Sources: README.md:1-310, RELEASE_SUMMARY.md:1-60, docs/V3_COMPLETE_GUIDE.md:1-443


Architectural Overview

The Resilience Control Plane sits between the scanning logic and all external network operations. It provides a unified fault-tolerance layer that prevents target instability from disrupting scan execution.

Resilience Control Plane Architecture

graph TB
    subgraph "Scanning Engine"
        Scanner["WSHawkV2 Scanner<br/>scanner_v2.py"]
        Integrations["External Integrations<br/>Jira / DefectDojo / Webhooks"]
        OAST["OAST Provider<br/>interact.sh"]
        Browser["HeadlessBrowserXSSVerifier<br/>Playwright"]
    end
    
    subgraph "Resilience Control Plane"
        ResilientSession["ResilientSession<br/>Core Wrapper"]
        ErrorClassifier["Error Classifier<br/>Transient vs Permanent"]
        RetryLogic["Retry Logic<br/>Max Attempts Counter"]
        Backoff["Exponential Backoff<br/>with Jitter"]
        CircuitBreaker["Circuit Breaker<br/>State Machine"]
        RateLimiter["TokenBucketRateLimiter<br/>rate_limiter.py"]
    end
    
    subgraph "Network Layer"
        WebSocket["websockets library"]
        HTTP["aiohttp client"]
        ExternalAPIs["External API endpoints"]
    end
    
    Scanner --> ResilientSession
    Integrations --> ResilientSession
    OAST --> ResilientSession
    Browser --> ResilientSession
    
    ResilientSession --> ErrorClassifier
    ErrorClassifier -->|Transient| RetryLogic
    ErrorClassifier -->|Permanent| Fail["Fast Fail"]
    
    RetryLogic -->|attempt < max| Backoff
    RetryLogic -->|attempt >= max| CircuitBreaker
    
    Backoff --> ResilientSession
    
    CircuitBreaker -->|OPEN| Block["Block Requests<br/>60s cooldown"]
    CircuitBreaker -->|HALF_OPEN| CanaryTest["Send Test Request"]
    CircuitBreaker -->|CLOSED| ResilientSession
    
    ResilientSession --> RateLimiter
    RateLimiter --> WebSocket
    RateLimiter --> HTTP
    RateLimiter --> ExternalAPIs

Sources: RELEASE_SUMMARY.md:9-13, docs/V3_COMPLETE_GUIDE.md:126-131


Design Principles

The resilience layer is built on three core principles from the v3.0.0 architectural redesign:

| Principle | Description | Implementation | |-----------|-------------|----------------| | Self-Healing | Automatically recover from transient failures without user intervention | Exponential backoff with jitter prevents thundering herd | | Fail-Fast on Permanent Errors | Don't retry operations that will never succeed | Error classification distinguishes 401/403 from 429/500 | | Circuit Breaking | Isolate failing subsystems to prevent cascading failures | State machine blocks requests when threshold exceeded |

Sources: RELEASE_SUMMARY.md:9-13, RELEASE_3.0.0.md:9-13


ResilientSession Core

ResilientSession is the central wrapper class that encapsulates all resilience logic.

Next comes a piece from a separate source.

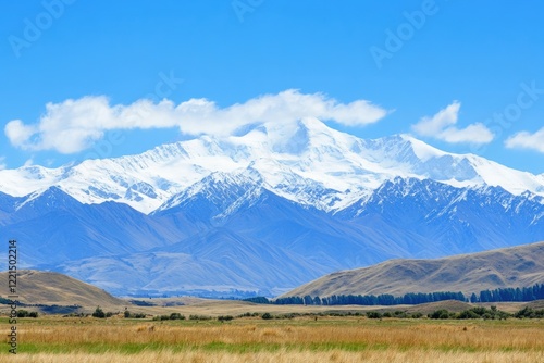 © Ева Поликарпова, Fototapeta premium A peaceful scene of cattle grazing in a lush green field with rolling hills and blue sky

It wraps every network operation performed by WSHawk, including:

  • WebSocket connections to scan targets
  • HTTP requests to Jira, DefectDojo, and webhook endpoints
  • OAST provider registration and polling
  • Playwright browser automation commands

Request Flow Through ResilientSession

sequenceDiagram
    participant Caller as "Scanner / Integration"
    participant RS as "ResilientSession"
    participant EC as "Error Classifier"
    participant CB as "Circuit Breaker"
    participant Backoff as "Backoff Calculator"
    participant Network as "Network I/O"
    
    Caller->>RS: execute_resiliently(payload)
    RS->>CB: check_state()
    
    alt Circuit OPEN
        CB-->>RS: blocked (cooling down)
        RS->>RS: await asyncio.sleep(60)
        RS->>CB: check_state()
    end
    
    CB-->>RS: CLOSED (proceed)
    
    RS->>Network: send(payload)
    
    alt Success
        Network-->>RS: response
        RS->>CB: record_success()
        RS-->>Caller: return response
    else Error
        Network-->>RS: exception
        RS->>EC: classify_error(exception)
        
        alt Transient Error
            EC-->>RS: TRANSIENT
            RS->>RS: increment attempt counter
            
            alt attempt < max_retries
                RS->>Backoff: calculate_delay(attempt)
                Backoff-->>RS: delay + jitter
                RS->>RS: await asyncio.sleep(delay)
                RS->>Network: retry send(payload)
            else attempt >= max_retries
                RS->>CB: record_failure()
                CB->>CB: check threshold
                CB->>CB: transition to OPEN
                RS-->>Caller: raise exception
            end
        else Permanent Error
            EC-->>RS: PERMANENT
            RS->>CB: record_failure()
            RS-->>Caller: raise exception (no retry)
        end
    end

Sources: docs/V3_COMPLETE_GUIDE.md:136-160

Conceptual Implementation Pattern

The following pattern demonstrates the resilience logic as described in the v3.0.0 architecture documentation:

# From docs/V3_COMPLETE_GUIDE.md:139-160
async def execute_resiliently(self, payload):
    attempt = 0
    while attempt < self.max_retries:
        if self.circuit_breaker.is_open():
            Logger.warning("Circuit Breaker OPEN - Cooling down...")
            await asyncio.sleep(60)
            continue
            
        try:
            return await self.raw_send(payload)
        except Exception as e:
            if self.is_transient(e):
                attempt += 1
                delay = self.calculate_backoff(attempt)
                Logger.info(f"Retrying in {delay}s (Attempt {attempt})...")
                await asyncio.sleep(delay)
            else:
                self.circuit_breaker.record_failure()
                raise e

This pattern is applied to all network operations throughout WSHawk, ensuring consistent fault tolerance.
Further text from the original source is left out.